Hi. I came across this proof for a bijection between the real numbers and power set of the natural numbers.
However I didnt quite understand the reasoning for the injection from the power set of natural numbers to [0,1]

Let us now take care of the one-to-one function g between P(N) and [0,1]. Take a set I∈P(N). I is a set of natural numbers say I={1,20,56,109,...}. We construct a number d in decimal of the form d=0.1011101110111.. where the ith position after the fixed point has a 1 if i∈I and a 0 otherwise. We can verify in class that this gives a one-to-one mapping from P(N) to reals R.

In particular I didn't understand why they said "where the ith position after the fixed point has a 1 if i∈I and a 0 otherwise" - because if thats the case, then it should read d=0.111111111111111... because all elements of i belong to I ?
Original post by Person1001
Hi. I came across this proof for a bijection between the real numbers and power set of the natural numbers.
However I didnt quite understand the reasoning for the injection from the power set of natural numbers to [0,1]

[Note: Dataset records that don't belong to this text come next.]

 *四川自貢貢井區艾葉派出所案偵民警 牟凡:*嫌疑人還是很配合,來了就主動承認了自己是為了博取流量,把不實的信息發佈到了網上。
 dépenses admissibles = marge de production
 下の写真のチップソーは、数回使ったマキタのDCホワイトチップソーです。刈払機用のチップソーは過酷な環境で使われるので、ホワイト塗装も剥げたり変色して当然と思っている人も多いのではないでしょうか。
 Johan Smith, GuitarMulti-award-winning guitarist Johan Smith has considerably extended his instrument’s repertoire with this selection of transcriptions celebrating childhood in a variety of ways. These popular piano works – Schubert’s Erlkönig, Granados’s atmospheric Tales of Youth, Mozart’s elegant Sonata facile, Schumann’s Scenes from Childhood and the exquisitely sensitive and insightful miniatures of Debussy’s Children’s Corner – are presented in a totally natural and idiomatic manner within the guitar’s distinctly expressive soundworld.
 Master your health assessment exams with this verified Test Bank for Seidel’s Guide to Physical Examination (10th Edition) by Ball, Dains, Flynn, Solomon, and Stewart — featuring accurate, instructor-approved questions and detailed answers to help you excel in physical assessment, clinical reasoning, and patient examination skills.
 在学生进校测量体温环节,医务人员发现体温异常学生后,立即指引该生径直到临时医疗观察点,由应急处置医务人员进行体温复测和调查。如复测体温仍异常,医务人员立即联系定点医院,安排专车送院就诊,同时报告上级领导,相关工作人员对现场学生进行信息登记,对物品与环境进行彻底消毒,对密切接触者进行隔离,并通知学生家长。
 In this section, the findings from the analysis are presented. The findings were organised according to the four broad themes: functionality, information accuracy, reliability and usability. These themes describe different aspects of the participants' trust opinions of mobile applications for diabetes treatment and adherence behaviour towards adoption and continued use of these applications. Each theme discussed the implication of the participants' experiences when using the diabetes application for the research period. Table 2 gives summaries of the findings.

Let us now take care of the one-to-one function g between P(N) and [0,1]. Take a set I∈P(N). I is a set of natural numbers say I={1,20,56,109,...}. We construct a number d in decimal of the form d=0.1011101110111.. where the ith position after the fixed point has a 1 if i∈I and a 0 otherwise. We can verify in class that this gives a one-to-one mapping from P(N) to reals R.

In particular I didn't understand why they said "where the ith position after the fixed point has a 1 if i∈I and a 0 otherwise" - because if thats the case, then it should read d=0.111111111111111... because all elements of i belong to I ?

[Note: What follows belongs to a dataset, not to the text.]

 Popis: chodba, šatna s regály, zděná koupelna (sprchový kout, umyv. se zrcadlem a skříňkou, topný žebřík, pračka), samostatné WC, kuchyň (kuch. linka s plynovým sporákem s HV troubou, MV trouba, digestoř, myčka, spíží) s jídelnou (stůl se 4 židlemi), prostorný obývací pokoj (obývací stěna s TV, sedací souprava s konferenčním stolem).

I is an element of the power set of natural numbers. As such it is a set in its own right consisting of a subset of the natural numbers, finite or otherwise.

If I={1,4,6}

then d= 0.100101 where there is a 1 in the 1st, 4th and 6th place.

Presumably this is a binary representation.
Reply 2
Avatar for Person1001
Person1001
OP
12
Original post by ghostwalker
I is an element of the power set of natural numbers. As such it is a set in its own right consisting of a subset of the natural numbers, finite or otherwise.

If I={1,4,6}

then d= 0.100101 where there is a 1 in the 1st, 4th and 6th place.

Presumably this is a binary representation.


Oh I see thank you very much :smile:
Original post by Person1001
Oh I see thank you very much :smile:


PS: You should note that this is not a 1-1 function, from what you've posted.

It suffers from the problem that 0.1=0.01˙0.1 = 0.0\dot{1}. I.e. any "decimal" expansion (again I assume this is binary) where the places are eventually all zero, can also be represented by another string where all the places are eventually all one.

So, there is a 1-1 correspondence between the power set and the decimal expansions, but some numbers in [0,1] have more than one decimal expansion.
Reply 4
Avatar for DFranklin
DFranklin
18
Yes - this does NOT give an injection.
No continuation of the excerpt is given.